John D'Errico on 26 Jan 2021
Edited: John D'Errico on 26 Jan 2021
(Good points made by Bruno. This answer tries to dive a little more deeply than Bruno spent the time to do, but I really don't care if you just accept Bruno's answer, as it really did answer the heart of the question.)
To get a better answer as to how much time QR really takes requires much deeper investigation. And sometimes, there are incredibly strange interactions between various parts of your particular computer. There are several important things you need to do.
1. Look at a larger set of array sizes
2. Do not put the randn time into your time computation
3. Use timeit, as a far better measure of the time taken than tic/toc
4. Finally, plot AND model the results
I would do something like
N = [100:50:1000, 1100:100:2000, 2250:250:4000, 4500, 5000];
T = zeros(size(N));
for i = 1:numel(N)
A = randn(N(i));
T(i) = timeit(@() qr(A))
end
Now we would expect the resulting times to roughly follow a power model, of the form
T(N) = a + N^b
where b may be on the order of 3.
loglog(N',T','o') Note that if this is a perfect relationship, we would expect to see a straight line on that plot.
But what happens is for smaller matrix sizes, you have other factors in there. A huge part of it is just function call overhead, thus startup costs, error checking, etc. Those startup costs often take a virtually constant time.

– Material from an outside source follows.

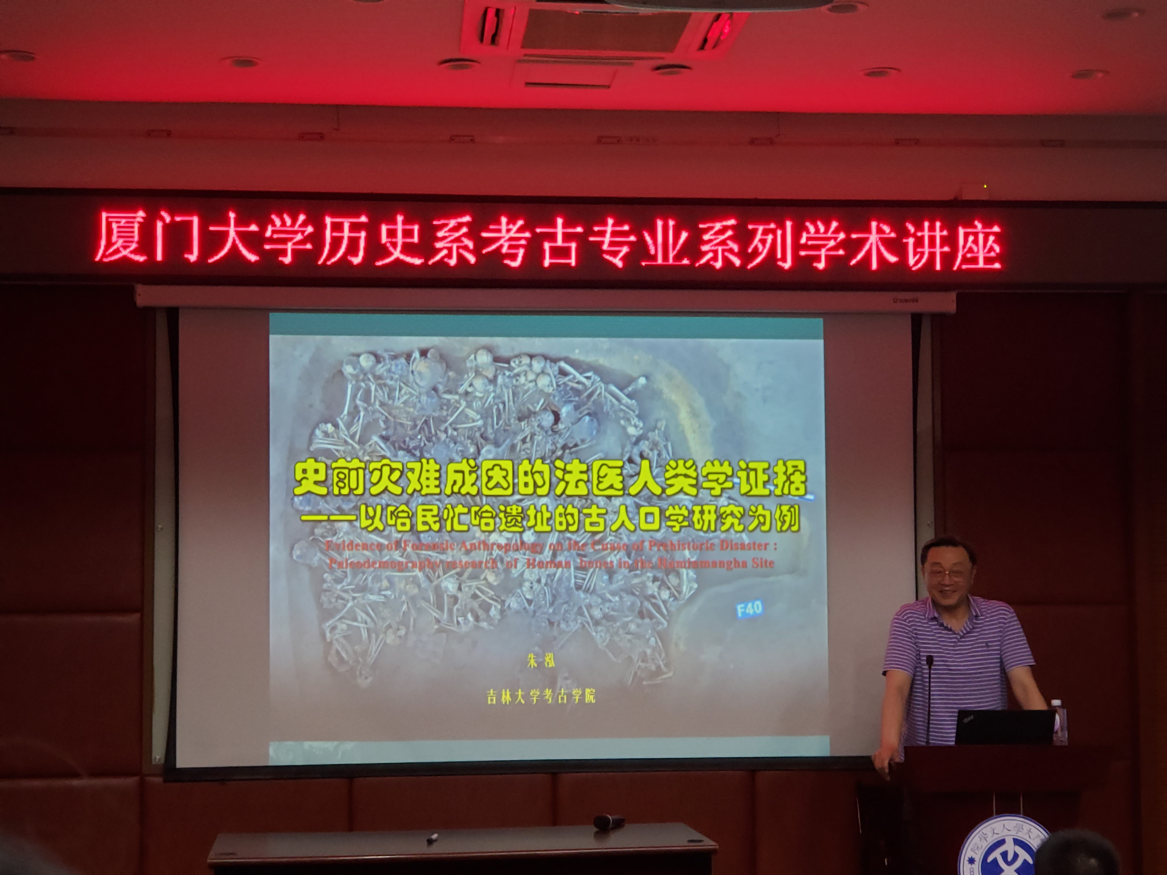 20201年5月28日晚,吉林大学匡亚明特聘教授,山东大学、内蒙古大学兼职特聘教授、教育部人文社科重点研究基地吉林大学边疆考古研究中心学术委员会主任朱泓教授在厦门大学南光-101成功举办“史前灾难成因的法医人类学证据——以哈民忙哈遗址的古人口学研究为例”的讲座。讲座由厦门大学历史系张闻捷教授主持。

But that confuses things.
polyfit(log(N),log(T),1)
ans =
2.4965 -21.774
This suggests, using ALL of those times, that a reasonable model might have the QR time as O(N^2.5), at least based on my data. However, if we look only at the last 4 points from that curve, because there was a jog in the curve just below that...
k = 36:39;
fit(log(N(k))',log(T(k))','poly1')
ans =
Linear model Poly1:
ans(x) = p1*x + p2
Coefficients (with 95% confidence bounds):
p1 = 3.203 (2.823, 3.583)
p2 = -27.55 (-30.73, -24.37)
We see a time behavior as possibly closer to O(N^3.2). Since that uses only 4 data points, it might be a little suspect. And the exponent bounds clearly contain your hoped for value of 3.

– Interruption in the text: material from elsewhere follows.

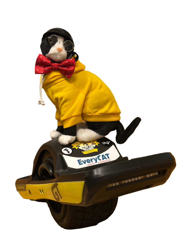 Joey Luthman, along with our very own Purrfessor Cat, will embark on an ambitious one-wheel ride , “Joey’s Ride for Cats,” travelling over 4000 miles across America to raise awareness for Chronic Kidney Disease (CKD) and Feline Cancer Research.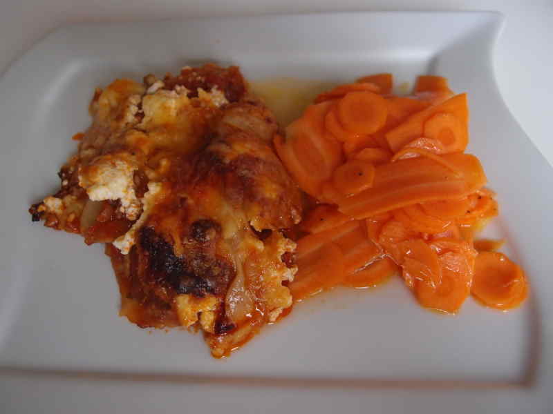 Süßkartoffel-Gemüseauflauf mit Schafskäse und Salat.

Next, you might want to recognize those jogs in the curve. They are pretty significant. They may be subtle things induced by my own computer, how it uses memory, or interactions from the blas, or perhaps all sort of things I have not even considered. Some of those bumps might be where MATLAB suddenly decided to multi-thread the problem. My computer has 8 real cores.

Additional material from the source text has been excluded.